Every file that enters QiOS must pass through this sequence:

source
→ detect
→ resolve domain / namespace
→ register in QiArchive (assign canonical identity)
→ assign short visible code (Q + 6 hex)
→ normalize filename
→ extract / inspect
→ enrich metadata
→ chunk
→ embed (local)
→ index (pgvector in qiarchive)
→ route / review / act

Pipeline States

Every archive record must carry one of:

State Meaning
detected File seen by watcher
registered Archive record created, canonical ID assigned
normalized Filename normalized per naming contract
extracted Text extracted from file
enriched Metadata populated
chunked Text chunked deterministically
embedded Vectors generated
indexed Pushed to pgvector
review_pending Awaiting human review
routed Placement confirmed
finalized Full lifecycle complete
failed Error state — retryable

Failure Philosophy

Failures must be visible, stateful, retryable, and tied to canonical IDs.

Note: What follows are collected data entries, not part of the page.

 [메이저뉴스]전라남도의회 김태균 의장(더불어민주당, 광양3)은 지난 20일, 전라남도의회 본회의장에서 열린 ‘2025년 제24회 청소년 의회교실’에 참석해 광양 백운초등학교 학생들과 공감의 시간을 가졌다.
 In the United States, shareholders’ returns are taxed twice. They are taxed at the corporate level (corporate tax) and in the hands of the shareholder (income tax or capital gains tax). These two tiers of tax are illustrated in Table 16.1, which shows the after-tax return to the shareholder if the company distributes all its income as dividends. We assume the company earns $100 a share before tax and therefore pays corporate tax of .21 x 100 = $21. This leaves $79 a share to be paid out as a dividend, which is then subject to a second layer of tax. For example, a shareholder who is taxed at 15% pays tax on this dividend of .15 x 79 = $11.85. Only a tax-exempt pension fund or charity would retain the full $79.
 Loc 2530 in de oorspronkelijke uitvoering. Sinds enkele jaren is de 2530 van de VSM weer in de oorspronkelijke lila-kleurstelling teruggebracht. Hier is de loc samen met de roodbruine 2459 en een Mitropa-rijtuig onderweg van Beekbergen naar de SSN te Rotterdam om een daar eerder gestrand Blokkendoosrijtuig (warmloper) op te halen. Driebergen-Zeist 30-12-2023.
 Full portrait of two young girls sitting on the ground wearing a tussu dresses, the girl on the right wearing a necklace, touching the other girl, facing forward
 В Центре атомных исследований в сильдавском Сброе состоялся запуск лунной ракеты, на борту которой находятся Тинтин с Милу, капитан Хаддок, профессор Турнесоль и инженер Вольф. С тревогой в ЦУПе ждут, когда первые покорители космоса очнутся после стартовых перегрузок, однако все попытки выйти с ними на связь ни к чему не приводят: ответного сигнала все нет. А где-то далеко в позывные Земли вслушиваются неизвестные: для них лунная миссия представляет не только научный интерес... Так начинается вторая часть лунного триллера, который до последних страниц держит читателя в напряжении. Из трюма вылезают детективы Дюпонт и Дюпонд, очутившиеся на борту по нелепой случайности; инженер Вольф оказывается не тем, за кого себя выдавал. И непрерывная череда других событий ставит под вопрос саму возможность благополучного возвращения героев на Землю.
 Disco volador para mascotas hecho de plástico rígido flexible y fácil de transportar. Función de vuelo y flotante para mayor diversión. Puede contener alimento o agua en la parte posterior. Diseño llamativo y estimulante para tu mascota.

  • Do not silently drop files.
  • Do not overwrite state.
  • Do not advance objects with weak provenance.

Supported Input Paths

  • Watched local inbox (C:/QiData/inbox/)
  • Manual import
  • Synced storage
  • App upload
  • Future: email/connector intake

Subprocess Categories

Subprocess Responsibility
OCR subprocess Extract text from scanned docs
Extraction subprocess Parse text from structured files
Embedding subprocess Generate local vector embeddings
File scanner Detect new files in watched paths
Sync subprocess Reconcile local ↔ cloud state
Graph projection job Push canonical records into qigraph
Retrieval orchestration Coordinate pgvector + Neo4j recall